Loftus remembered one particular instance where an insurance company wanted a shop to clip the rear end of a car. The shop knew it was an unsafe repair, refused to do it, and the shop was removed from that carrier’s DRP program. The shop called Loftus to see what could be done. In a short time, Loftus had talked the insurers into totaling the car, the shop was reinstated in the insurer’s DRP program and the adjuster was exposed for having some ulterior motives for wanting the car clipped.


When asked about his “finest moment” as SCRS Director, Loftus pointed to a brochure called “Insured Motorists’ Rights.” One of the things that insurance companies had customers do was get three estimates from three different body shops, then make them choose the lowest estimate. Customers found that irritating. Legitimate shops found it counterproductive and less-then-ethical shops used it to low-ball customers to get the work. SCRS worked hard to eliminate that practice.


Loftus explained, “For the first time, we had a ‘tool’ that shops could use to fight the ‘three estimate’ practice.”


Loftus then went state-by-state, working with the local state-level affiliated associations, getting them to speak with their respective state insurance commissioner to make sure they could distribute their “Motorists’ Rights” brochures. In Illinois, the state insurance commissioner was very difficult to meet with. Finally, the commissioner was due to be at the Chicago airport for a morning flight and told Loftus he would meet him at the airport at a designated time if he wanted to talk then. Loftus hopped on a red-eye flight and made his appointment with the commissioner.

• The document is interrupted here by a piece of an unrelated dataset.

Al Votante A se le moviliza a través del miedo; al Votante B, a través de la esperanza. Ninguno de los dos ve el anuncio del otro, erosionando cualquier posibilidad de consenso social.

The “Motorists’ Rights” brochure was approved 10 days later.


When asked if there was any work he had left undone at SCRS---anything he wanted to do but never had the time or resources to accomplish---Loftus replied, “We did as much as we could every chance we got. We never worried about the resources---We would find some way to get things done. It was a rewarding time for me, and people appreciated what we did. I have no regrets or work left undone.”

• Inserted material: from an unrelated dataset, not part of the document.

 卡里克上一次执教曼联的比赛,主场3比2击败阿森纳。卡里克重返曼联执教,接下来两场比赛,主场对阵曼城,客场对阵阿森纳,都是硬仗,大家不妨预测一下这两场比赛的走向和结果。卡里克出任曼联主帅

Loftus was the SCRS Director for 19 years, retiring in 2000, when the reins were turned over to industry icon Dan Risley. In 2003, Loftus and his friend, Larry Martin, began Loftus and Martin Long Range deep-sea fishing excursions out of San Diego, each trip escorting 23 anglers on a two-week cruise.

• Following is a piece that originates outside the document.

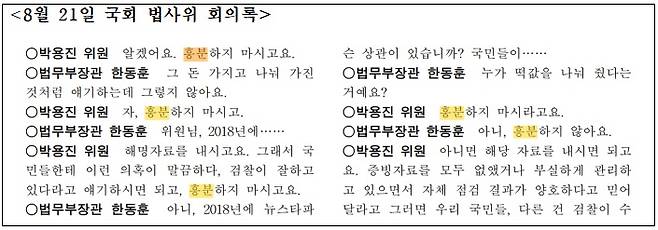 | ▲ 2023년 8월 21일 국회 법사위 회의록 중 |

And that thing about the “Dragon Slayer”… when Loftus retired he was presented with a huge sword in a wood and glass case by the Kansas City and Topeka Chapter of SCRS, where he was deemed to be the “Dragon Slayer Extraordinaire”… the “dragon” being all the issues and problems Loftus tried to address and resolve during his time as SCRS Director. John Loftus was truly a champion of the industry---a Dragon Slayer Extraordinaire.